** Opening DATA FOR THE TASK block **

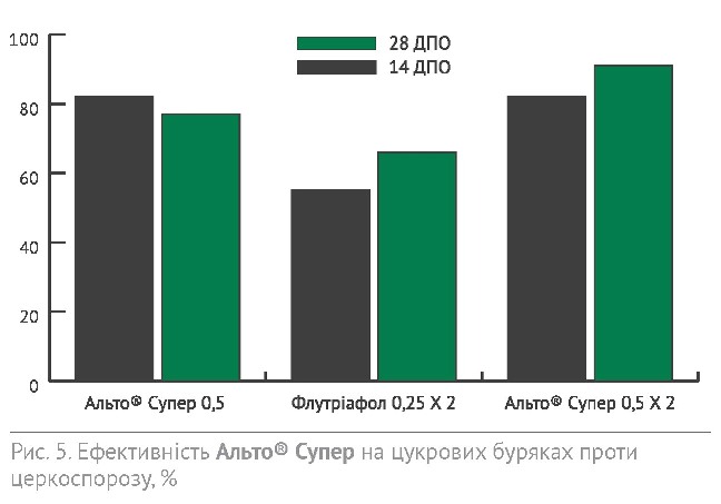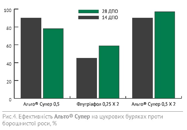Цукрові буряки – це, звісно, не пшениця, тут агроном ходить по полю кожен день. Після таких дощів треба уважно придивлятися до листкової поверхні буряків і тільки-но побачите окремі плями церкоспорозу, одразу слід застосовувати фунгіциди. При цьому інтервал між виявленням хвороби та виходом обприскувача в поле повинен становити не більше декількох годин. Деякі агрономи старшого покоління ще й досі висівають на полі між рядками цукрових буряків декілька рядків столового, який є своєрідною сигнальною рослиною, оскільки уражується церкоспорозом на декілька днів раніше. Це хоч і давній, але дієвий захід попередження розвитку церко-спорозу на полі. Для запобігання поширенню хвороби обприскувач повинен обробити посіви цукрових буряків на наступний день після виявлення уражень листової пластинки столового буряка. Альто®Супер у нормі внесення 0,5 л/га здатний швидко зупинити церкоспороз, борошнисту росу та іржу, коли хвороби вже з‘явилися на полі та ураження листкової поверхні становить 5-10%. При цьому він працює значно краще, ніж більш дешеві інші азоли, навіть внесені двократно (Рис. 4-6).
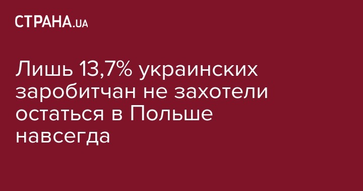 Согласно результатам социсследования, представленного в Киеве в среду, 26,3% опрошенных трудовых мигрантов из Украины готовы были бы остаться в Польше на несколько лет, 22,1% респондентов хотели бы переехать в Польшу на ПМЖ, 13,7% не хотели бы постоянно жить в этой стране, а 37,9% затруднились ответить.
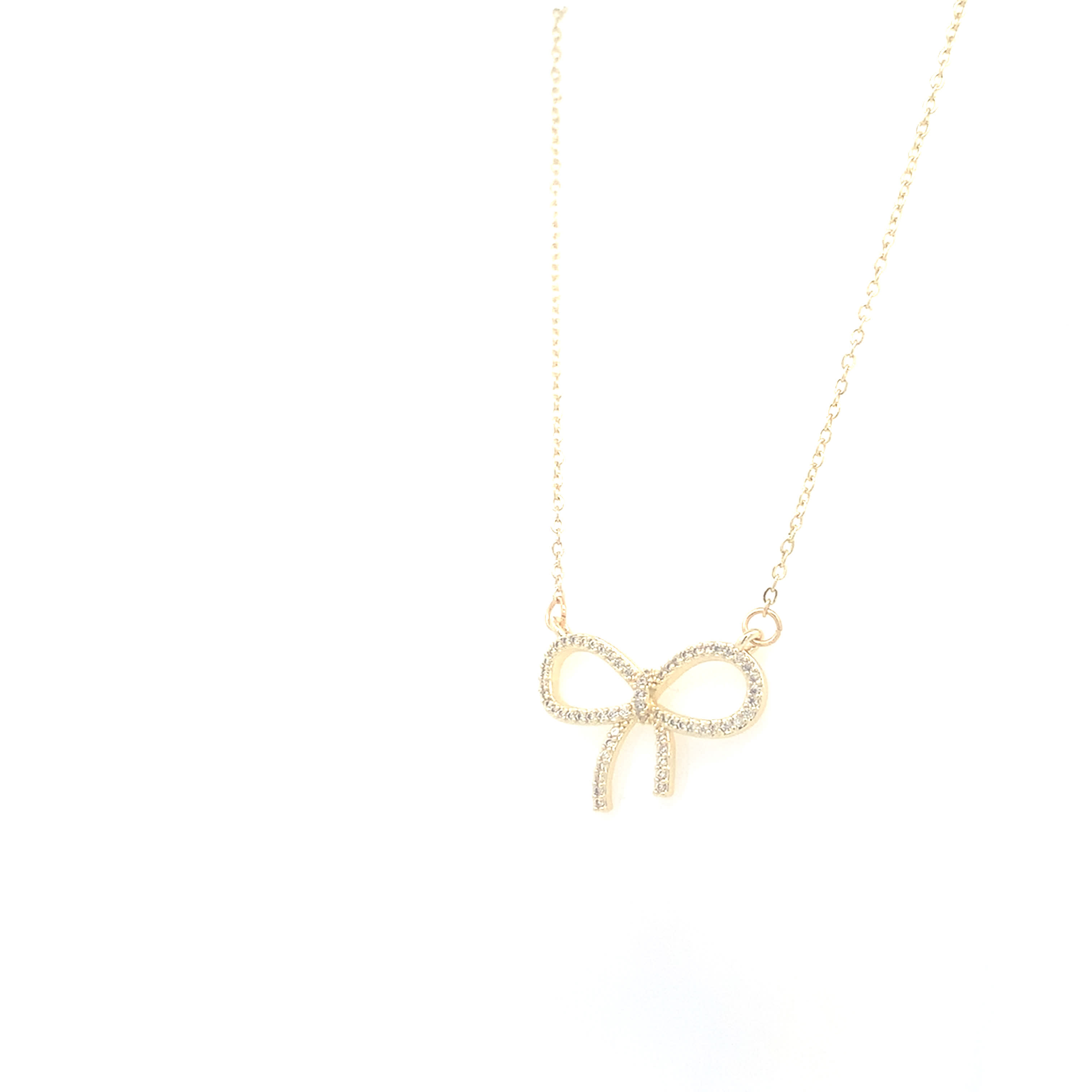 Ten oszałamiający złocony wisiorek ma delikatny wzór kokardki, ozdobiony błyszczącymi akcentami, które pięknie odbijają światło. Idealny do dodania odrobiny elegancji do każdego stroju, ten naszyjnik jest wszechstronnym dodatkiem zarówno na okazje codzienne, jak i formalne.
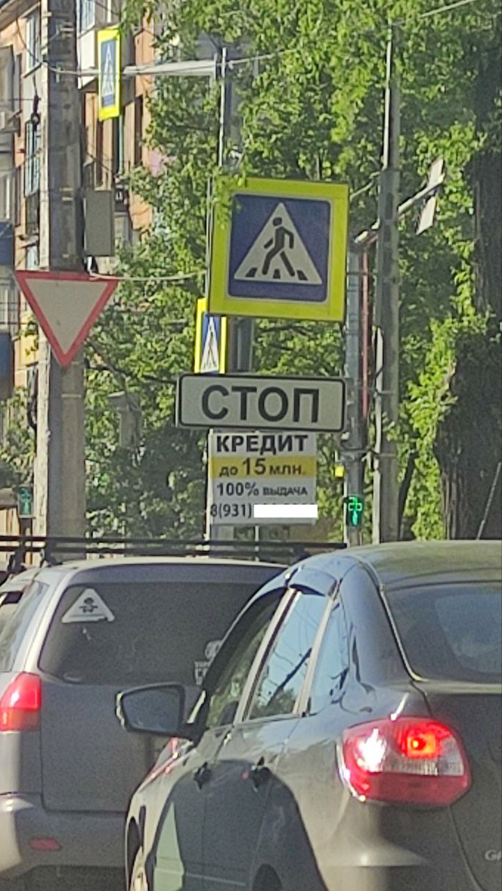 В некоторых случаях несанкционированная реклама получилась со смыслом: вроде, и кредит до 15 лямов предложен, но в то же время и СТОП присутствует. А может это программа стоп-кредит в Новокузнецке запущена?
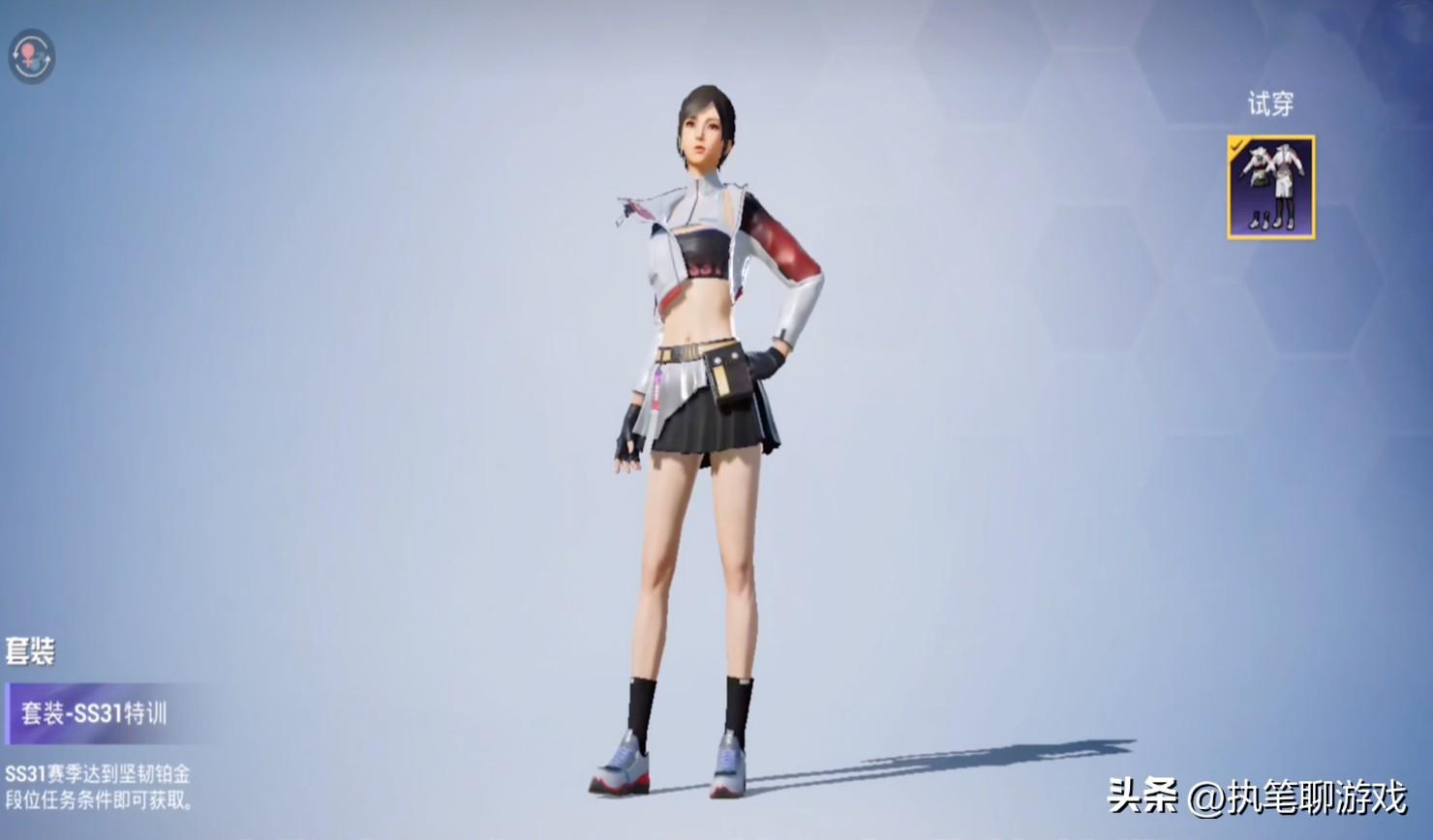 最後壓軸登場的第4套衣服是SS31特訓套裝,這都大冬天了,還整這種小裙子,也不知道光子的腦瓜子到底是怎麼想的,難道離開了裙子就不會設計皮膚不成?實在不行,還是去一脈相承的PubgM去“照搬”吧~
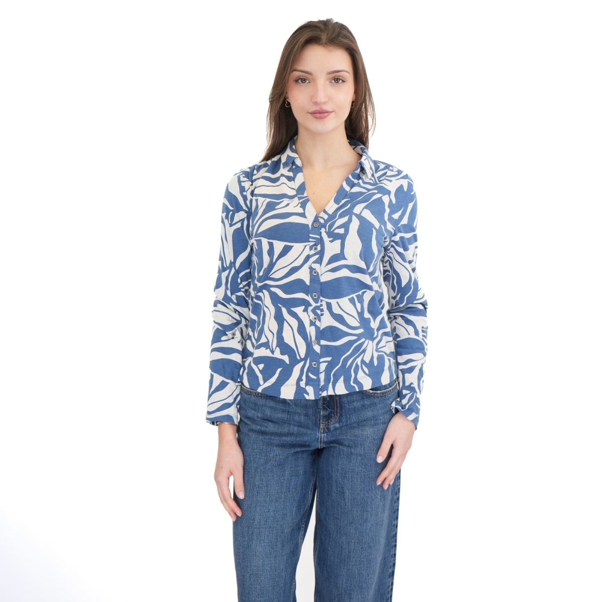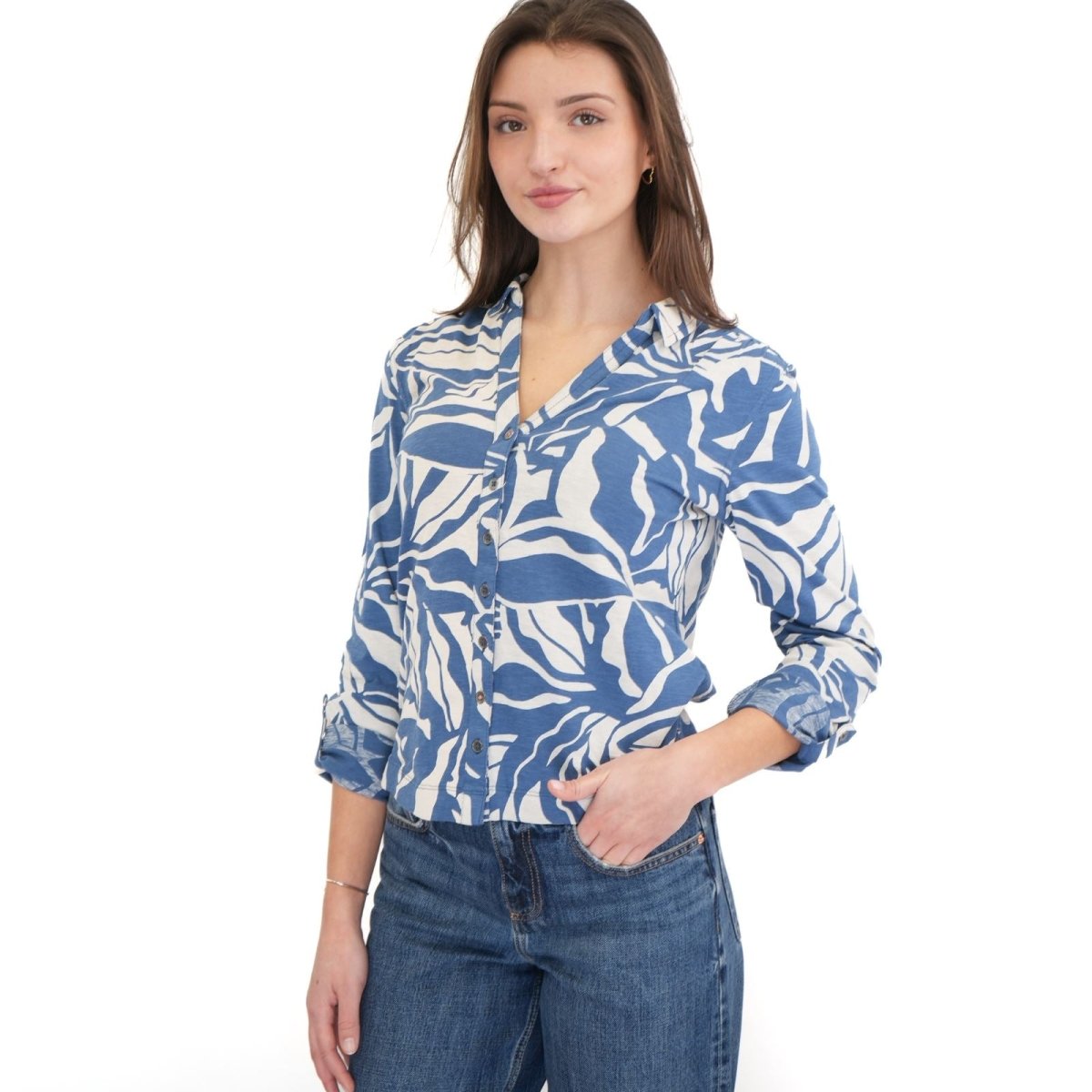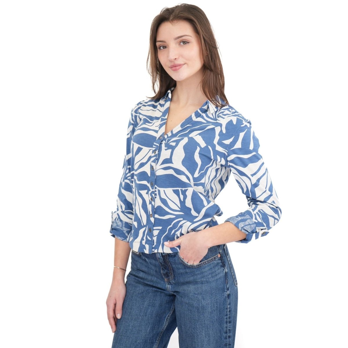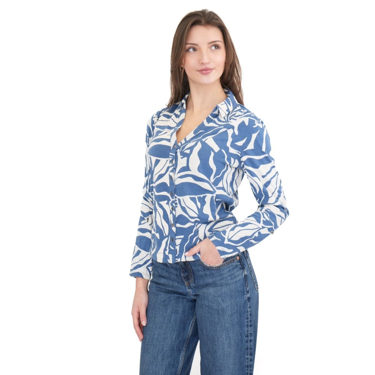 A comfortable and stylish White Stuff Annie Jersey Collared Shirt in Navy Multi, designed with the smart look of a shirt and the comfort of a soft cotton jersey top.
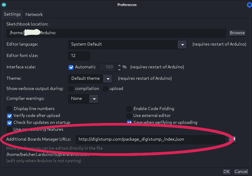 Nachdem wir die Arduino IDE installiert haben müssen wir noch die Konfigurationsdatei für den Digispark hinzufügen. Klicken wir also auf File und dann auf Preferences. Im neuen Fenster müssen wir nun folgende URL unter Additional Boards Manager Urls eingeben:

** Closing DATA FOR THE TASK block **

● **TASK PROMPT**:
Start at the line that contains "最後壓軸登場的第4套衣服是S" and retype every line through the end of the entries above, both ends included. Exclude all pictures.

● **TASK SOLUTION**:
 最後壓軸登場的第4套衣服是SS31特訓套裝,這都大冬天了,還整這種小裙子,也不知道光子的腦瓜子到底是怎麼想的,難道離開了裙子就不會設計皮膚不成?實在不行,還是去一脈相承的PubgM去“照搬”吧~
 A comfortable and stylish White Stuff Annie Jersey Collared Shirt in Navy Multi, designed with the smart look of a shirt and the comfort of a soft cotton jersey top.
 Nachdem wir die Arduino IDE installiert haben müssen wir noch die Konfigurationsdatei für den Digispark hinzufügen. Klicken wir also auf File und dann auf Preferences. Im neuen Fenster müssen wir nun folgende URL unter Additional Boards Manager Urls eingeben:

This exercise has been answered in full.